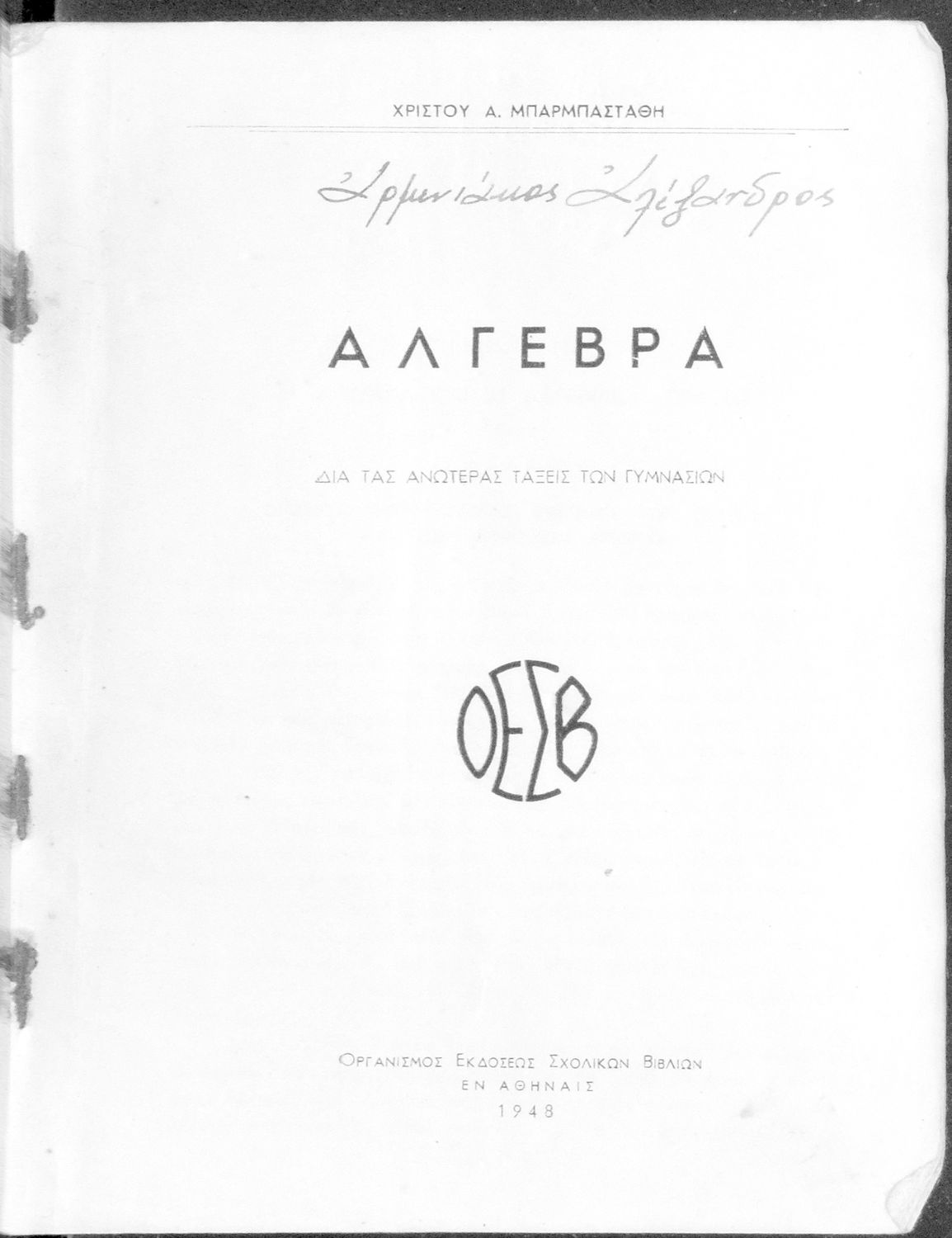 Τίτλος: Άλγεβρα δια τας ανωτέρας τάξεις των Γυμνασίων
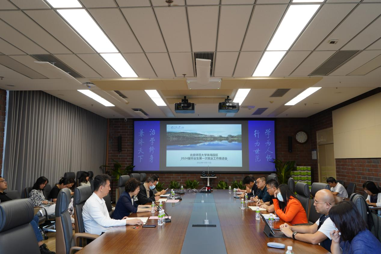 10月11日,北京师范大学珠海园区2024届毕业生第一次就业工作推进会于木铎楼A708召开。北京师范大学珠海校区管委会副主任、珠海分校副校长虞立红,珠海校区党委副书记、珠海分校党委副书记韩舰,各单位就业工作负责人、园区就业工作部门全体成员参加了会议。
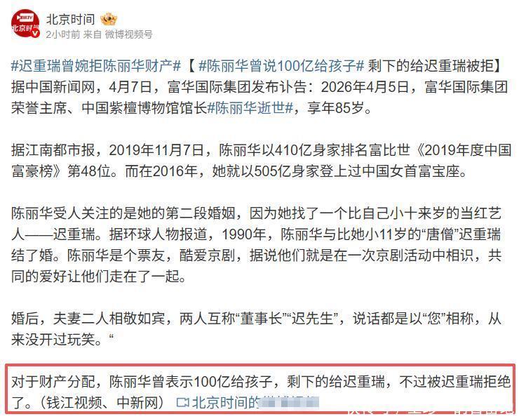 多年前,陈丽华就表示除了给子女100亿,其他的钱全留给迟重瑞,但迟重瑞拒绝了。
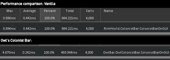 [*] [b]High performance:[/b] Rewritten from the ground up, performing twice as fast as the vanilla bar. The importance of performance scales up the more colonists you have rendered in the bar.
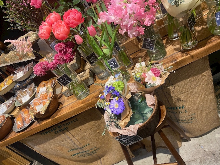 1階は花屋&パン屋で2階がカフェ
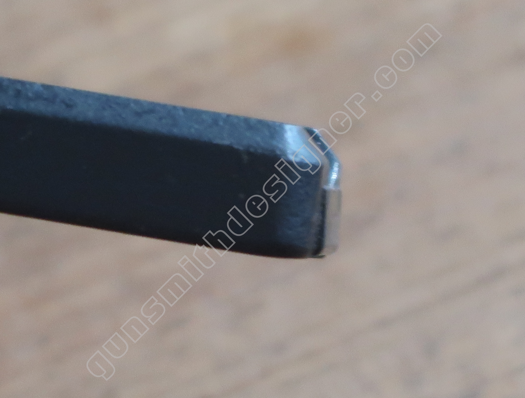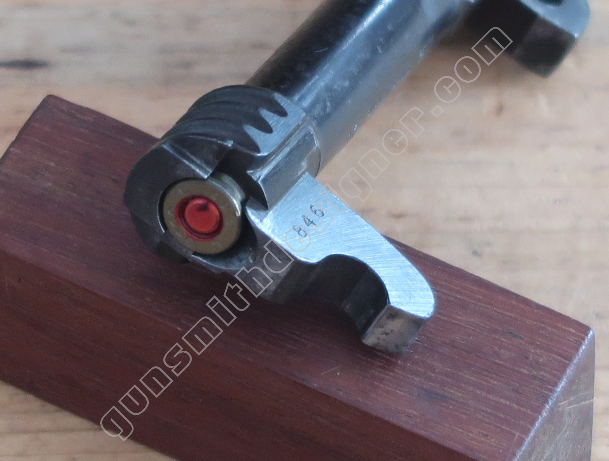 Une butée est aménagée à l’avant de la culasse. C’est cette surface qui est en contacte avec la carcasse. Il est à noter que cette butée est biseautée, elle n’est pas perpendiculaire au dessous de la culasse.
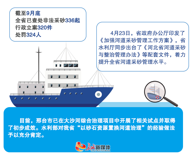 9.今年4月河北省开展打击河道非法采砂“飓风行动”以来,截至9月底,已查处非法采砂336起,行政立案320件,处罚324人,刑事立案多起,对不法分子形成有效震慑,维护了河道采砂正常秩序。
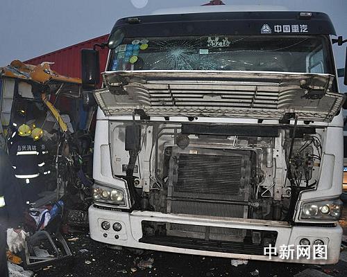 據(jù)現(xiàn)場目擊者介紹,事發(fā)時集裝箱卡車與前面一輛摩托車刮擦后猛打方向盤,導(dǎo)致后面的一輛大巴車避讓不及,與之迎面相撞。(完)
=====
### Problem details
The records are to be returned word for word, without any of their pictures.

### Final answer
 Τίτλος: Άλγεβρα δια τας ανωτέρας τάξεις των Γυμνασίων
 10月11日,北京师范大学珠海园区2024届毕业生第一次就业工作推进会于木铎楼A708召开。北京师范大学珠海校区管委会副主任、珠海分校副校长虞立红,珠海校区党委副书记、珠海分校党委副书记韩舰,各单位就业工作负责人、园区就业工作部门全体成员参加了会议。
 多年前,陈丽华就表示除了给子女100亿,其他的钱全留给迟重瑞,但迟重瑞拒绝了。
 [*] [b]High performance:[/b] Rewritten from the ground up, performing twice as fast as the vanilla bar. The importance of performance scales up the more colonists you have rendered in the bar.
 1階は花屋&パン屋で2階がカフェ
 Une butée est aménagée à l’avant de la culasse. C’est cette surface qui est en contacte avec la carcasse. Il est à noter que cette butée est biseautée, elle n’est pas perpendiculaire au dessous de la culasse.
 9.今年4月河北省开展打击河道非法采砂“飓风行动”以来,截至9月底,已查处非法采砂336起,行政立案320件,处罚324人,刑事立案多起,对不法分子形成有效震慑,维护了河道采砂正常秩序。
 據(jù)現(xiàn)場目擊者介紹,事發(fā)時集裝箱卡車與前面一輛摩托車刮擦后猛打方向盤,導(dǎo)致后面的一輛大巴車避讓不及,與之迎面相撞。(完)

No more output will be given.